I'm not an expert, but "more memory reads" in form of a higher number of textels that needs to be read, is definately not the case. Yes, a triangle that is further away and smaller does indeed increase performance, since less pixels need to be rasterized. You'll notice once you start to apply more complicated effects like Parallax mapping and so on.

From my own experience, larger textures (from models) aren't a huge performance bottleneck, though I might have been simply limited otherwise. One of the reasons why larger textures can be slower AFAIK is because smaller ones fit better in the texture cache, and thus avoid cache trashing (though this is mostly quessing, take it with a grain of salt).
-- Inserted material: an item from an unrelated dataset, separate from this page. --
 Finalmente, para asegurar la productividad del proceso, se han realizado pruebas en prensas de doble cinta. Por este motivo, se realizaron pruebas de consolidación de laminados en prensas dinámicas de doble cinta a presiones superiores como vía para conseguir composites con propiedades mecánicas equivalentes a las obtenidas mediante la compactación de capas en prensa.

More memory bandwidth is likely to be a reason too, since if the texture is larger, it takes up more memory and thus more data has to be transfered somehow...

+1 but that would be cache thrashing, unless you are actually trashing your cache

I'm not an expert, but "more memory reads" in form of a higher number of textels that needs to be read, is definately not the case.
One of the reasons why larger textures can be slower AFAIK is because smaller ones fit better in the texture cache

Those are actually both the same issue!
When you read a texel, it (and maybe it's neighbors) are cached. More unique texels read == more pressure on the cache == more cache misses == more memory bandwidth required.
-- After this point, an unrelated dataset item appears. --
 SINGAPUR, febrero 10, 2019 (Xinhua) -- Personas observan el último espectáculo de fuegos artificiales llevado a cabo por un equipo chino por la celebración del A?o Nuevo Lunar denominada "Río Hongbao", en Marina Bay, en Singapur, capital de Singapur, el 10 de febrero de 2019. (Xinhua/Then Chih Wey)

When a triangle is distant AND mipmapping is enabled, then a lower mip level is used, which means the resolution is effectively lower, so there less unique texels, so the cache works better.
If mipmapping isn't used, then distant triangles are actually huge texture bandwidth hogs! Each screen pixel is fetching texels that are far apart in the texture (e.g. A 1000px texture shown across 10 screen px will skip 100 texels per screen pixel), so the cost of fetches isn't amortized by the cache at all, and every fetch is a cache miss.

With PC GPU, there can be a HUGE difference in memory bandwidth between the high-end and low-end hardware. One card might seem to run the same speed after doubling texture resolutions, while a different card might give a 10x reduction in frame rate!

Increasing texture resolution usually doesn't cause a significant increase in bandwidth. If you assume that all triangles sample from a fixed number of textures per pixel, then the total bandwidth required for sampling is actually bounded by your screen resolution as long as you don't have any overdraw. In most cases the pixel shader will be magnifying texels because the texture resolution is already higher than the screen resolution for that pixel, which means that increasing the resolution of the texture will have 0 effect on the bandwidth used for that particular pixel. The only places where it will cause an increase in bandwidth will be where the pixel shader is magnifying a texture, in which case more bandwidth will be used when fetching a higher resolution mip level.On the other hand, increasing the number of textures sampled per pixel will always result in more bandwidth being used for all pixels. However static textures are almost always compressed, which generally makes standard texture mapping pretty forgiving.